O&G can drive huge growth and create booms, but when oil is down OKC keeps chugging along just fine. We're a lot more diverse then people realize.

----------


## sooner88

It would also be interesting to see an average salary per category / employer, etc. Even though oil and gas is a much smaller percentage, I would bet their average salary is one of the highest (if not at the top). Regardless, it is really encouraging to see that much diversification and, as mentioned, helps to explain why we haven't seen as dramatic effect on our local economy as might be expected.

----------


## AP

I saw numbers earlier from the ok commerce website that said in the central ok region (greater okc) there were 41,000+ o&g jobs in 2013 and average salary was ~$105,000.

----------


## Teo9969

Oil being down means that OKC big money is down. The day to day economy should be fine, and as long as the banks don't over expose themselves to that sector, then they should be able to still function and operate at a decent level. However, it's harder for a bank to back real estate projects if its oil portfolio is getting smashed.

----------


## Snowman

> Based on the last two posts by Pete,  it would appear the report lacks credibility.


I was thinking the cutoff was on jobs that had an average wage that you could actually live on, since that will tell you more about the health of your job base than how many minimum wage jobs chain stores have.

----------


## Jersey Boss

> I was thinking the cutoff was on jobs that had an average wage that you could actually live on, since that will tell you more about the health of your job base than how many minimum wage jobs chain stores have.

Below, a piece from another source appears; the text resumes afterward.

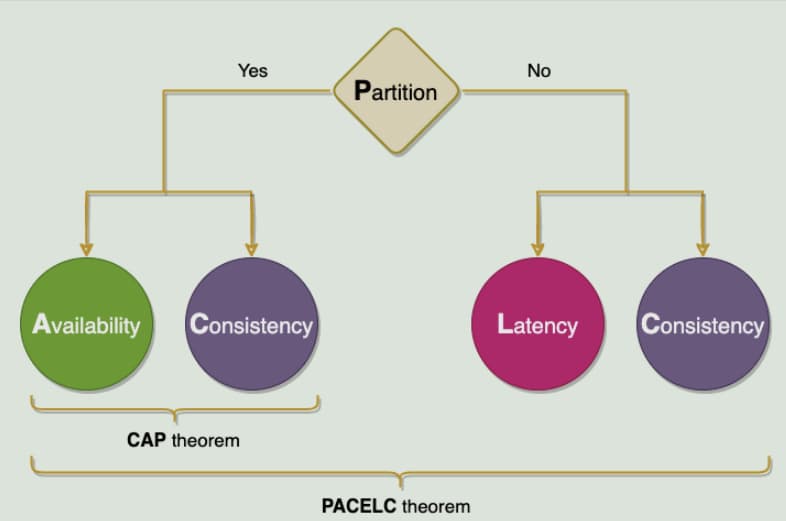 - 否则('E'),当系统在没有分区的情况下正常运行时,系统可以在延迟('L')和一致性('C')之间进行权衡。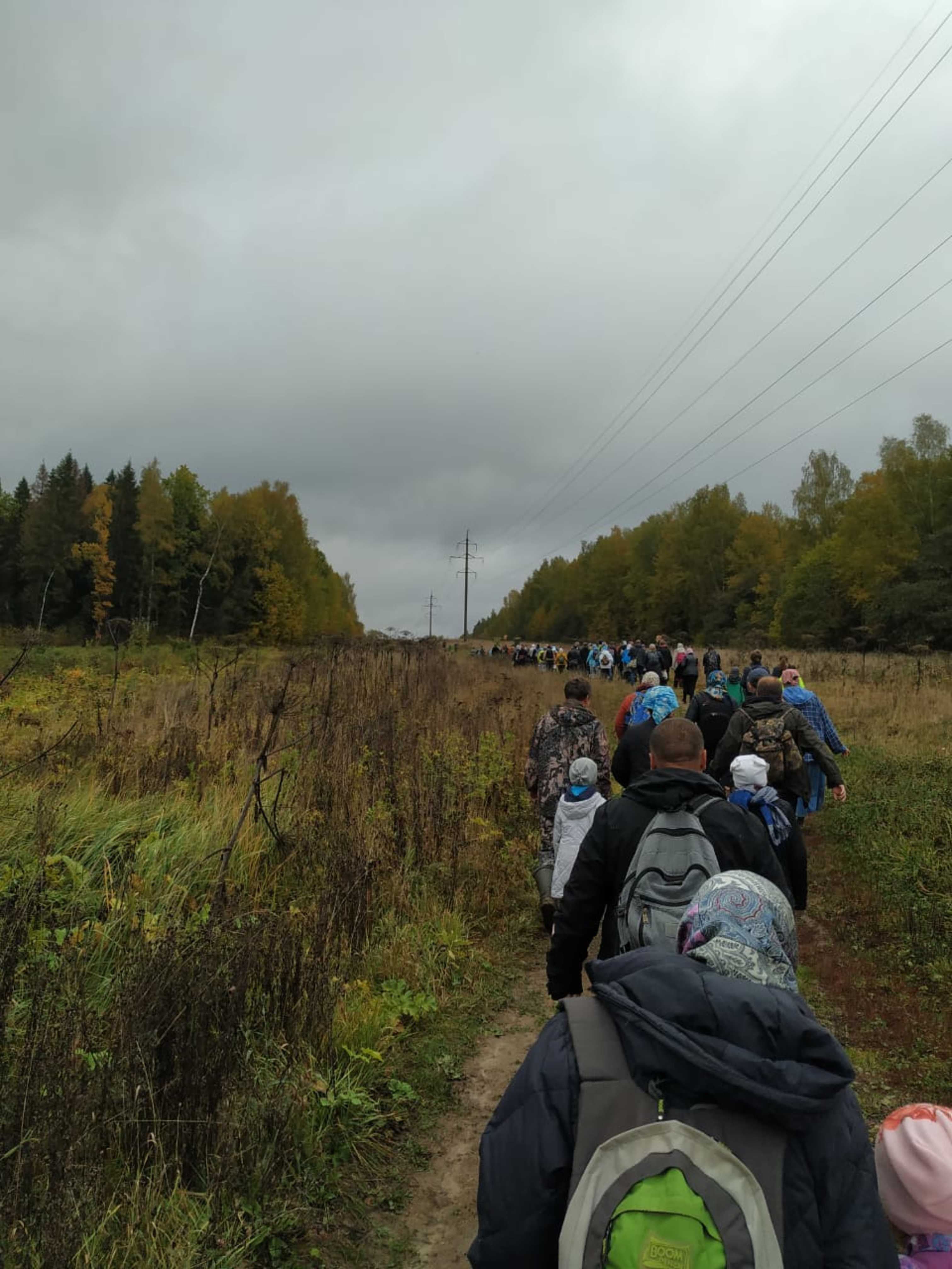 Далее объединенная группа направилась к Сергиевскому храму в микрорайоне Семхоз. В этом году, как и в прошлом, было принято решение идти в обход по Филимоновской дороге, которая проходит через красивые, свежевспаханные поля, деревню Матрёнки и дачные поселки, раскинувшиеся по границе осеннего леса.

There were no headers on the report that alluded to livable wage. That being said, the employees of 7-11 were not listed. When I see signs advertising "help wanted" it seems the starting wage is 10+ an hour, so that criteria is not being  used in ignoring  that employer. Obviously 7-11 employs as many as LOVES in the metro area. Additionally if you want an accurate picture of the health of your job base, failure to list WAL MART is a failure in painting the true health of your job base. This would be like getting a report on your physical that says you are in excellent health yet failing to note that you have a suspicious growth on your lung.

----------


## HOT ROD

Did I miss something? I don't recall seeing the Oklahoma City Public Schools nor the Putnam City or any other school district. Are they lumped into Govt or something? Surprising they do not have high numbers in the lists or maybe I missed them. ...

----------


## Pete

> Did I miss something? I don't recall seeing the Oklahoma City Public Schools nor the Putnam City or any other school district. Are they lumped into Govt or something? Surprising they do not have high numbers in the lists or maybe I missed them. ...


Lumped in with the state employees.

----------


## yukong

> Lumped in with the state employees.


I know it may be straining at gnats...but I submit teachers and employees of schools should be listed as employees of their various school districts and not state employees.  At the end of the day...I suppose they are "state employees" but in practical, every day operations, they are employees of their various school districts.  The state personnel office (OMES) has no say on who gets hired or not at Putnam City School District or Edmond, or OKCPS.  Employees of school districts are not under the state employee retirement system.  They are not under the state employee insurance system.  They are not to my knowledge subject to the state employee hiring freezes, exceptions, etc. that apply to regular state employees.  And their pay checks come from School District "X" and not the state treasurer.  Yes...a lot of the money used to pay school employees comes from the state treasury, but a sizeable portion doesn't come from the state treasury but in fact comes from the county in which the district sits.  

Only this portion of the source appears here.